Puck
- Justin Gotzis
- Penn University Life, Platt Student Performing Arts House
-
Independent Creative Production Grant
Puck is a proposed sculptural speaker system which will recontextualize and reflect upon the philosophies of the “Freetekno” movement through a lens of artistic reverence, sacred experience, and identity formation. The “Freetekno” movement is a cultural phenomenon which arose in defiant response to the cultural absorption of Acid House music into the commercial club economy throughout late 20th century Europe.

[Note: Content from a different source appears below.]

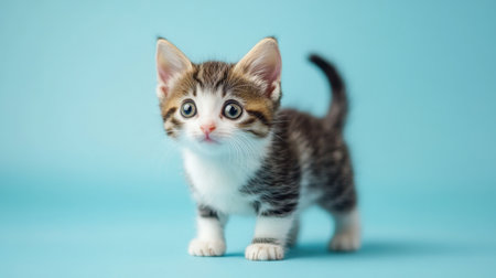 An adorable tabby kitten with an inquisitive gaze stands playfully against a blue background, embodying curiosity and cuteness. Perfect for pet lovers!

Artists, ravers, misfits, and squatters banded together in caravans transporting their collective sound equipment to create impromptu bacchanalian festivals (“Teknivals”) which synthesized the social familiarity of a block party, the creative exchange of an artist residency, and the anarchic spirit of DIY hardcore music in the detrital infrastructure of post-war Europe. These ephemeral hubs of open cultural exchange invoked a de-hegemonized, metaphysical identity, “an inspiring, unifying force of creativity” (A Darker Electricity: The Origins of the Spiral Tribe Sound System).
Puck’s sculptural form reflects upon the cultural alienation which birthed the Freetekno movement. Freetekno speaker systems traditionally feature several large horn speakers: cavernous maws of resonance which project sound through the same mechanism as the bell of a trumpet. Gotzis and his collaborators conceived of this project in response to the performance of staring into the cavity of the horn speaker, meeting the gaze of the industrially manufactured void. The sculptural qualities of the Puck speaker system exaggerate this performance, mutating the horn into a cave of sonic and physical experience.